21, 31 Input section 22 Video matching section 23 Section information generation section 24 Training data generation section 25 Training section 30,

30x Reasoning section

32, 36 Image recognition section 33 Video cutting section 34 Event section detection section 35 Candidate detection section 37 Selection Part 40 Digest generator 100, 100x Digest generator 200 Training device

Claims

Acquisition method for acquiring material video,
An image recognition means for detecting an image of an object from the material image and
An event section detecting means for detecting an event section in the material image using the detection result of the image of the object, and an event section detecting means.
Information processing device equipped with.
A video cutting means for cutting out a portion including an image of the object from the material video to generate a partial video is provided.
The information processing device according to claim 1, wherein the event section detecting means detects the event section from the partial video.
The information processing device according to claim 2, wherein the image cutting means cuts out a range in which a predetermined time width is added before and after the image of the object as the partial image.
The first aspect of claim 1, wherein the event section detecting means detects a plurality of event section candidates from the material video and selects an event section from the plurality of event section candidates based on the detection result of the image of the object.
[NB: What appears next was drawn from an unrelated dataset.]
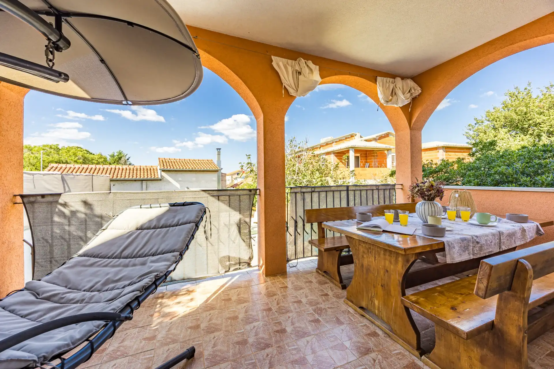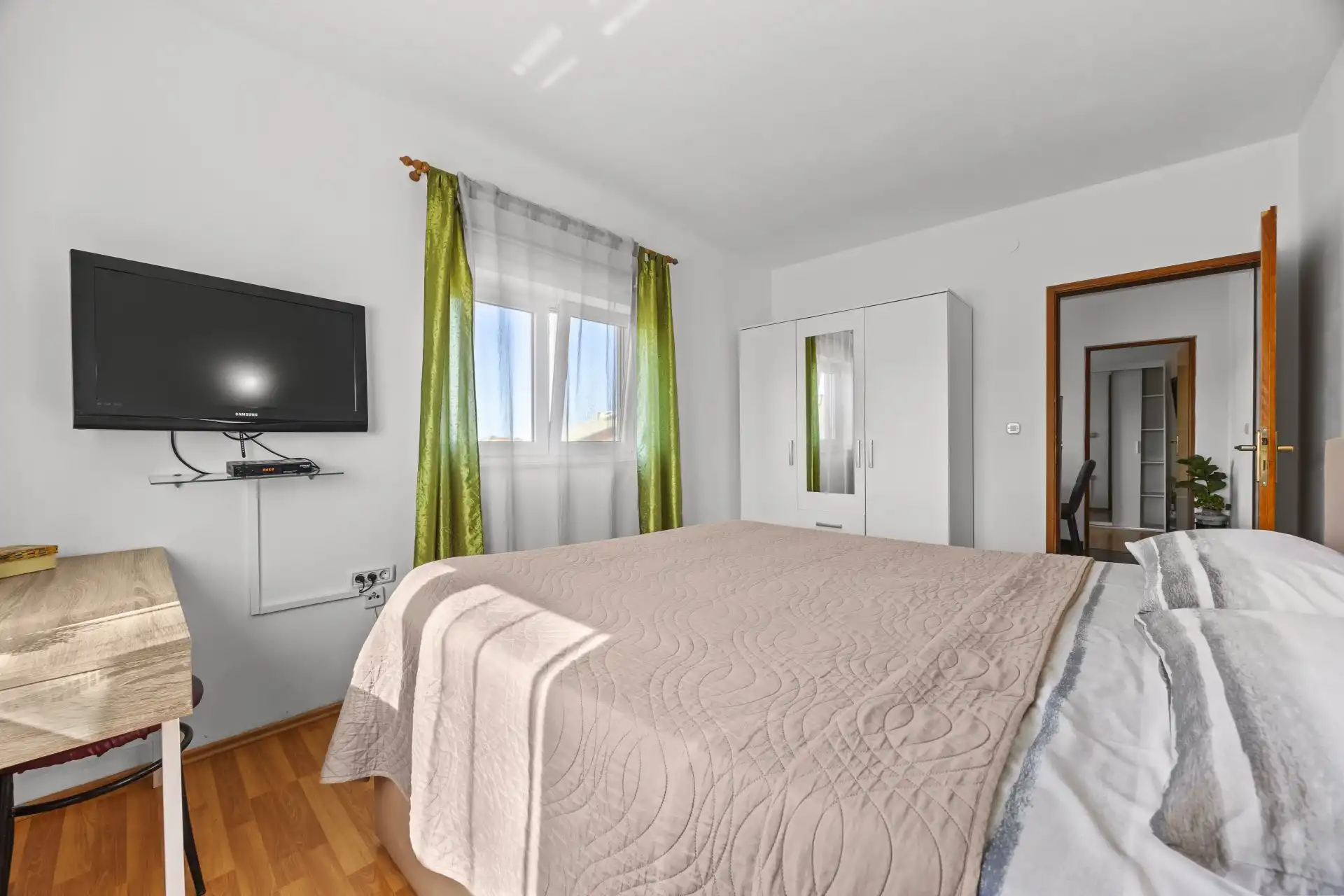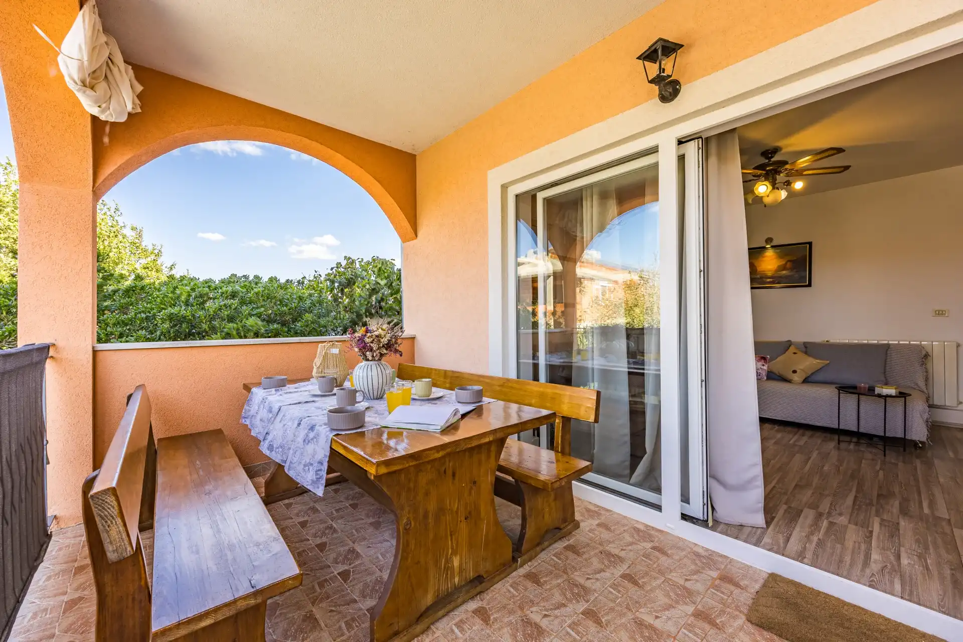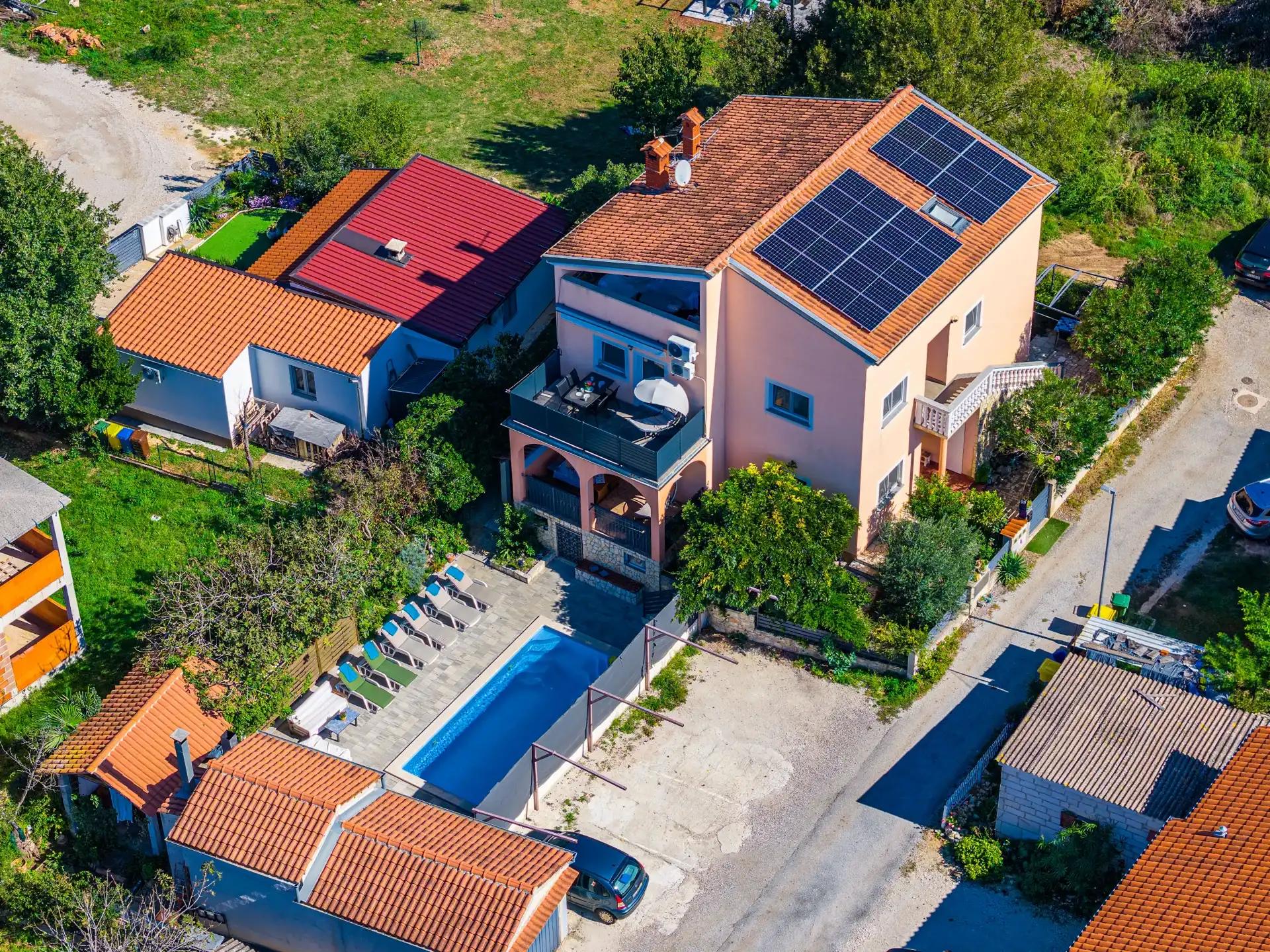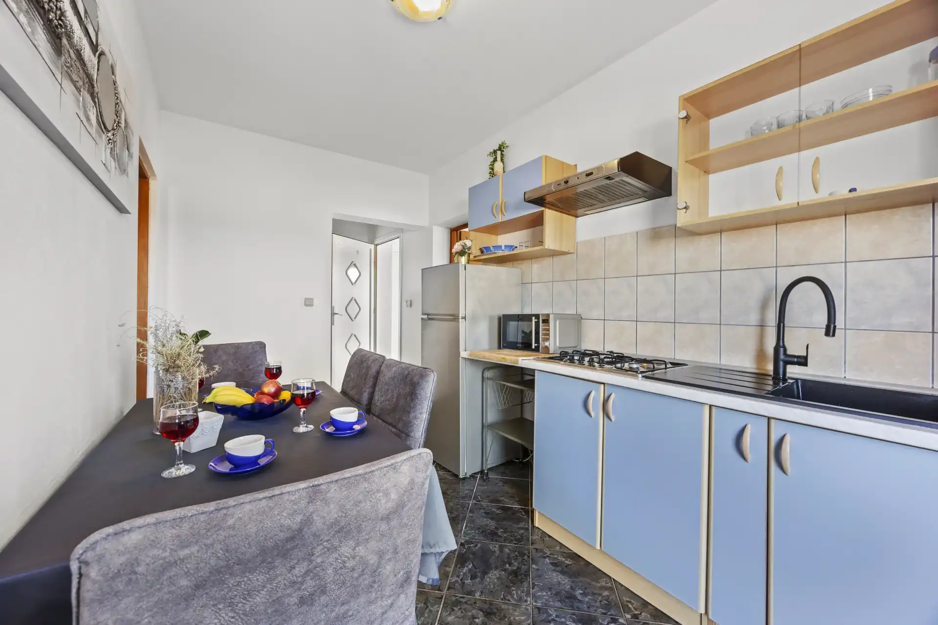 Odkryj urokliwy azyl w sercu Fažany. Ten przestronny dom oferuje apartamenty z dwiema lub trzema sypialniami. To idealne miejsce dla par, rodzin i grup przyjaciół poszukujących niezapomnianych wakacji w Chorwacji. Starannie zaprojektowane apartamenty oferują zakwaterowanie dla 10 osób dorosłych i dwójki dzieci. Apartament z trzema sypialniami może pomieścić do 6 osób dorosłych i dwójkę dzieci, a apartament z dwiema sypialniami – dla 4 osób dorosłych. Apartamenty oferują komfortową i przytulną przestrzeń z nowoczesnymi udogodnieniami oraz piękny wspólny basen. Wejdź do pięknie urządzonego salonu z drewnianym parkietem i marmurową podłogą, tworząc elegancką i ciepłą atmosferę. Apartamenty oferują w pełni wyposażoną kuchnię ze wszystkimi niezbędnymi sprzętami. Ciesz się wspólnymi posiłkami przy dedykowanym stole lub zrelaksuj się w wygodnej części wypoczynkowej ze smart TV. Prawdziwą atrakcją są przestrzenie zewnętrzne, z umeblowanym tarasem z grillem i meblami ogrodowymi, idealnym do spożywania posiłków na świeżym powietrzu i relaksu. Leżaki zachęcają do rozkoszowania się śródziemnomorskim słońcem, a wspólny basen oferuje orzeźwiający relaks w ciepłe dni. Obiekt oferuje również praktyczne udogodnienia, takie jak parking dla rowerów i prysznic na świeżym powietrzu. Apartament jest klimatyzowany i oferuje bezpłatne WiFi, co czyni go idealnym miejscem zarówno dla osób podróżujących służbowo, jak i dla przyjemności. Akceptujemy również do dwóch futrzanych zwierząt domowych za dodatkową opłatą 7 euro za zwierzę za noc (płatną gotówką po przyjeździe). Położony w malowniczej miejscowości Fažana, ten apartament stanowi spokojną bazę wypadową do zwiedzania pięknego wybrzeża Istrii, z łatwym dostępem do lokalnych atrakcji i naturalnego piękna.

Information processing device.
The image recognition means calculates a score indicating the degree to which the object is included in the plurality of event section candidates.
The information processing device according to claim 4, wherein the event section detecting means selects an event section candidate whose score is equal to or higher than a predetermined value as an event section.
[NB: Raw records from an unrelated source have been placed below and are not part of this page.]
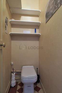 Cet appartement est équipé d'une salle de bain magnifique et claire avec des fenêtres double vitrage. Cette salle d'eau bénéficie du nécessaire pour votre bien-être au quotidien : serviettes de bain, placard, baignoire, radiateur sèche-serviettes. Les toilettes sont séparées de la salle de bain et situées dans une pièce indépendante.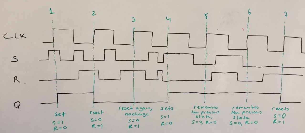 Note that the inputs (i,e S and R) are only important at the instant of positive clock edge. In all other times, FF completely disregards the inputs. Only at the positive clock edges, FF samples inputs and decides about the state (Q). In between the positive clock edges, the the input can change in any possible manner without affecting the state. It can even became illegal. For example, between clock edges 5 and 6, we have S=R=1, which is defined as “illegal”. This won’t affect FF behaviour as long as it doesn’t occur at positive clock edges.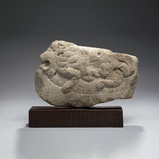 Bas-relief en pierre calcaire sculptée représentant un lion allo ...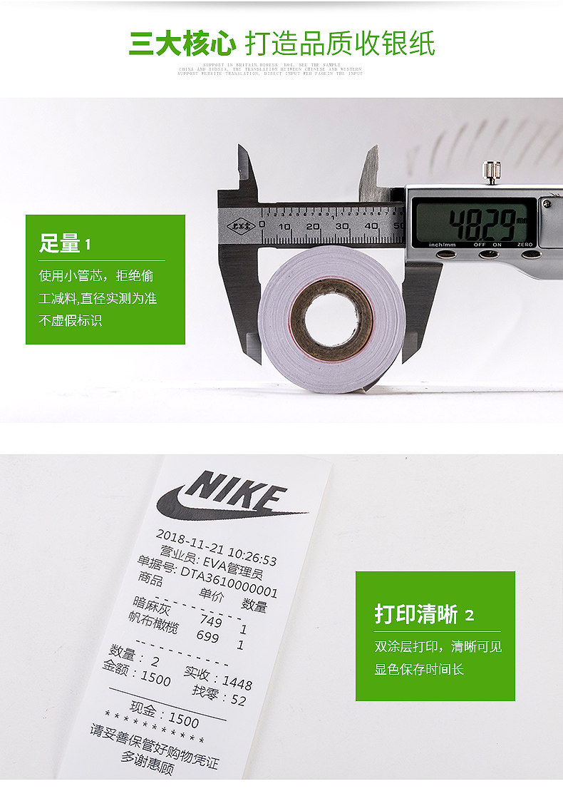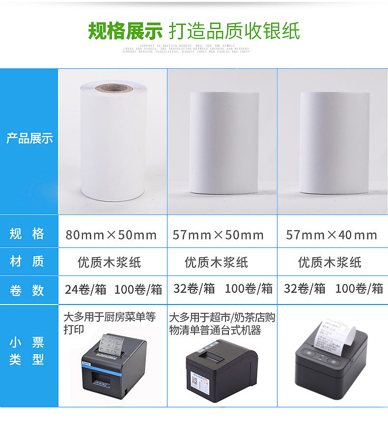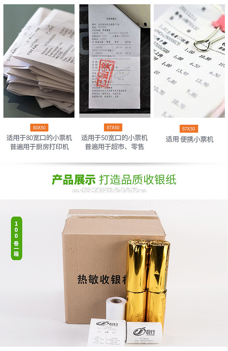57*50 Термический кассовый регистр бумажный билет Небольшой билет травяная бумага Горячая бумага для печати 57x50 Тепловая бумага Тепловая печатная бумага 58 -мм тепло -чувствительное

The information processing device according to claim 5, wherein when the event section detecting means detects a plurality of event section candidates corresponding to the same time, the event section candidate having the highest score is selected as the event section.
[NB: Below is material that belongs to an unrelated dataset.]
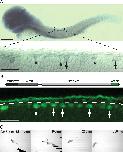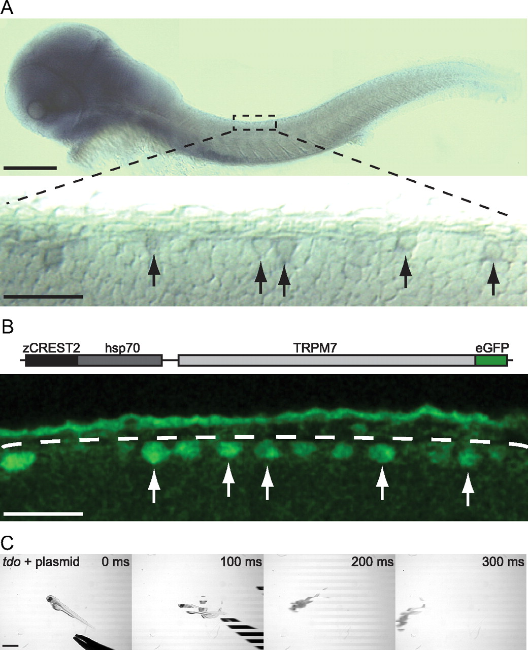 Selective restoration of TRPM7 expression in sensory neurons is sufficient to restore touch-evoked responses. A, Top, Lateral view of a 55 hpf larva labeled with a riboprobe against trpm7 showing that trpm7 is expressed widely in the larva. Boxed area indicates enlarged area shown below. Scale bar 200 μm. Bottom, Enlarged area highlighting a few RB sensory neurons expressing trpm7, with some RBs indicated with arrows. Scale bar, 50 μm. B, Top, Rescue plasmid comprised of the sensory neuron enhancer/promoter construct zCREST2-hsp70:TRPM7-eGFP. Bottom, Lateral view of the dorsal spinal cord following injection of the sensory enhancer/promoter construct labeled with anti-GFP showing that TRPM7-eGFP is expressed by many RBs, some of which are marked by arrows. Dashed line denotes the dorsal boundary of the spinal cord. Green labeling above dashed line was also observed in uninjected embryos, indicating that is background labeling of the skin by anti-GFP. Scale bar, 50 μm. C, Expression of TRPM7 selectively in RBs rescues touch-responsiveness in touchdown mutant larvae. Video frames of touch-evoked swimming from a 55 hpf hypopigmented touchdown mutant expressing the rescue plasmid. 0 ms is the video frame preceding contact of the embryo by the stimulating probe. Scale bar, 500 μm.

One of claims 1 to 6, further comprising a digest generating means for generating a digest video by connecting the video of the event section in time series based on the material video and the event section detected by the event section detecting means. The information processing device described in.
Get the material video,
The image of the object is detected from the material image and
An information processing method for detecting an event section in the material image using the detection result of the image of the object.
Get the material video,
The image of the object is detected from the material image and
A recording medium recording a program that causes a computer to execute a process of detecting an event section in the material image using the detection result of the image of the object.